Gold ETFs and gold mining ETFs are readily available through brokerage firms. Simply research and identify the particular ETF that interests you and then load that ticker symbol into your broker’s order entry platform. Today, many brokers offer commission-free trading in ETFs.
How Do Gold ETFs and Gold Mining ETFs Compare with Other Investments?
ETFs provide more liquidity, lower costs, and storage ease than owning physical gold. However, physical gold allows true ownership while ETF holders only experience indirect exposure through the fund. ETFs are also simpler with full asset backing than when trading futures, which also have inherent leverage/contango considerations.
Is It Better to Invest Directly in Gold or in Gold ETFs?
Investing in gold vs. gold ETFs depends on individual investment goals, risk tolerance, and preferences.
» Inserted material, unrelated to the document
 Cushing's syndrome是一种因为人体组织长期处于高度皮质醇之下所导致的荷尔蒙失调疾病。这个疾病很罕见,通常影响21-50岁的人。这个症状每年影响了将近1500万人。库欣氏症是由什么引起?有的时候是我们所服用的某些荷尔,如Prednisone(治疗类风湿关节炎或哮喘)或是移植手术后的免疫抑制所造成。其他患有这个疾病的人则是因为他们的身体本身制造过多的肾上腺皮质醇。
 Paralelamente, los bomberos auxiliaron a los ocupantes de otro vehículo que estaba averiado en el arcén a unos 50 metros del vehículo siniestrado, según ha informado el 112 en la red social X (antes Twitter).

Both options have advantages and drawbacks.
Physical gold can be held and stored, offering a sense of security to many investors. Owning physical gold also means there are none of the risks associated with the management or performance of a fund.
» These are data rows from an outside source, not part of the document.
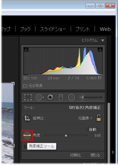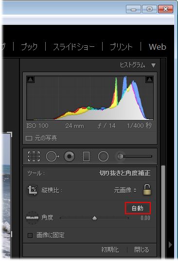 自動的に角度が補正されます。必要に応じて角度スライダーで微調整します。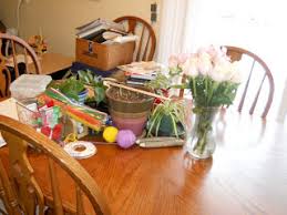 I was also taught to declutter everything that can easily accumulate on our dinner table during the work week. The table becomes a drop zone of papers and backpacks! The clutter piles up quickly with bills that must be paid, ads telling us what we must buy, notices of things we must do, along with kids’ school papers to sign and the good intentioned coupons we might use. It can become so cluttered as a makeshift filing system that there is no more room to eat. So, instead of sitting down together for a meal; we grab a snack and sit on the couch. If the table becomes too cluttered, the centerpiece becomes less noticeable. The people become more detached from each other. The trash on the table blocks the beauty of the centerpiece and discourages us to eat there.
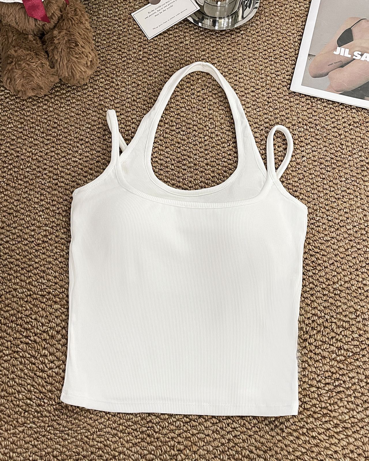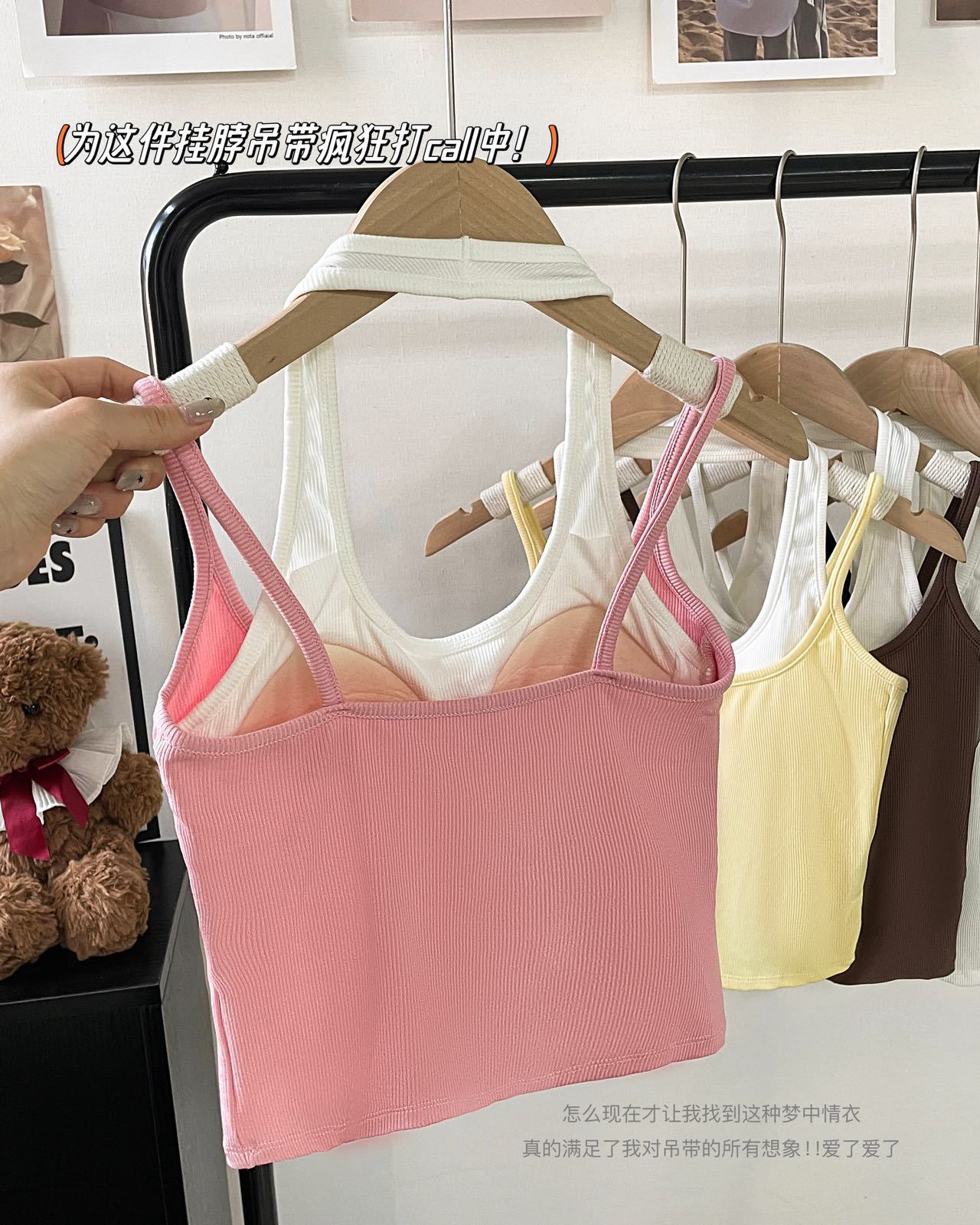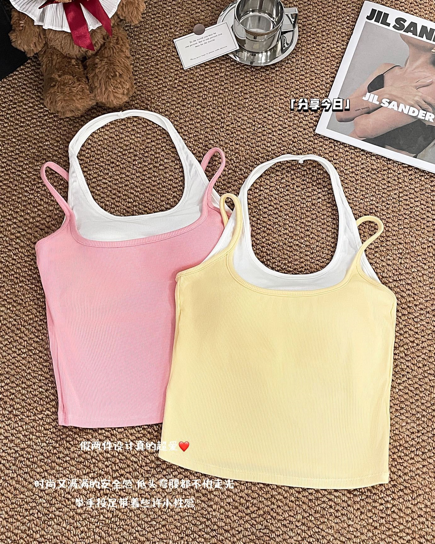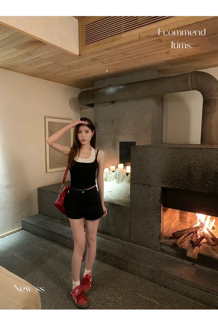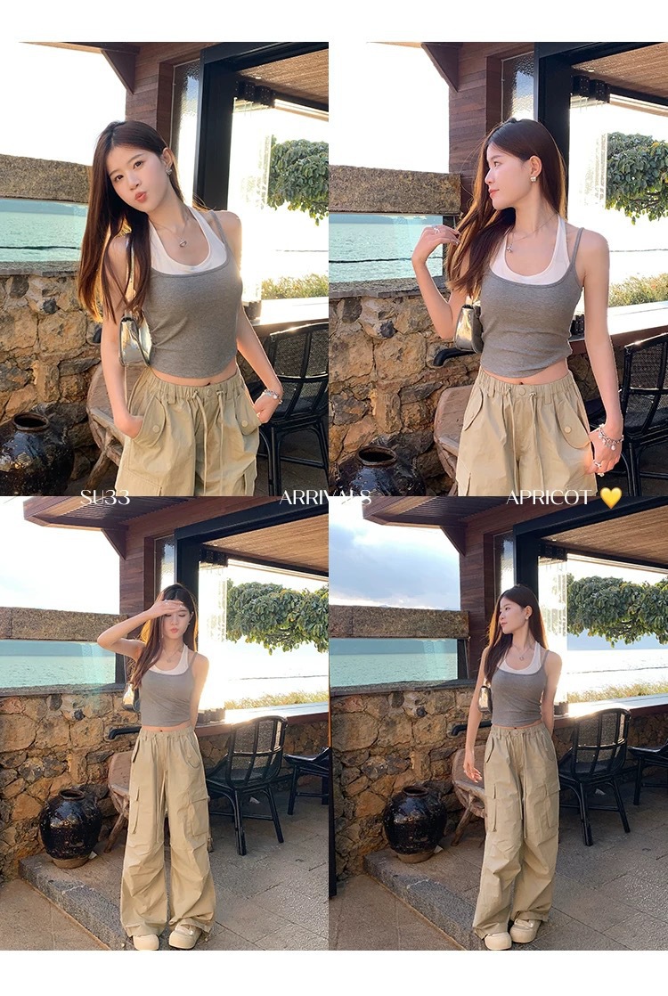 R991입니다. # 도파민 타이 스타일 홀터넥 페이크 투피스 캐미솔 신상 올인원 아름다운 등 숏탑 가슴 패드 포함스토어 가기

However, extensive holdings of physical gold require secure storage and insurance, which can be costly and cumbersome. Selling physical gold can also be less convenient and take more time than selling shares of an ETF.
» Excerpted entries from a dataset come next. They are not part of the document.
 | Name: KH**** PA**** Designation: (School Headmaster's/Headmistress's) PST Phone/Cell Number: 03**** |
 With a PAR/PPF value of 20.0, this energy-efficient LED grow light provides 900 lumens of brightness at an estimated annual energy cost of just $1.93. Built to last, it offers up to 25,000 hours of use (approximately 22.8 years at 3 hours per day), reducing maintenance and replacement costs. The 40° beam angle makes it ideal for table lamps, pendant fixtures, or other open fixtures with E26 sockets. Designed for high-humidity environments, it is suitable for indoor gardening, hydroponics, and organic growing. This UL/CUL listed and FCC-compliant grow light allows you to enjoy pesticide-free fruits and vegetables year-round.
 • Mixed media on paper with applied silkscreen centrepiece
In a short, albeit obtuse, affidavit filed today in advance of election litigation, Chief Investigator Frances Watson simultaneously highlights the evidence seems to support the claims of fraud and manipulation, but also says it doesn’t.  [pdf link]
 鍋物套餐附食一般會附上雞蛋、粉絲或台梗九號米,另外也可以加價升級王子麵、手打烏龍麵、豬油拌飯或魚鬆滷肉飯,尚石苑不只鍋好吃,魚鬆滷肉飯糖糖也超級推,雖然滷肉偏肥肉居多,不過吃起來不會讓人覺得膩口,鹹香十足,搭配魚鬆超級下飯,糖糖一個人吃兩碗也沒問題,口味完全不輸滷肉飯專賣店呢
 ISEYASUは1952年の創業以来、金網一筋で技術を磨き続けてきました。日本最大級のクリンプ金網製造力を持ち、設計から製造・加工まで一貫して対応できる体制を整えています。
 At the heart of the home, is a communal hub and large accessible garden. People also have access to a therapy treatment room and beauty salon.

Can I Hold a Gold ETF in a Retirement Account?
Yes, gold ETFs can be held in a retirement account like a traditional or Roth IRA. This is beneficial, since holding physical gold in an IRA requires a special gold IRA, which has its own rules and fees.
The Bottom Line
Both gold ETFs and gold mining ETFs provide ordinary investors with an accessible and cost-effective way to diversify into gold. Gold ETFs that hold physical gold track the price of gold, while gold mining ETFs hold stocks engaged in the gold mining industry.
Choosing which is best for your portfolio depends on your needs, risk tolerance, and investment goals. Regardless of which you choose, be sure to pay attention to expense ratios, liquidity measures, benchmarks, and the portfolio of ETF holdings.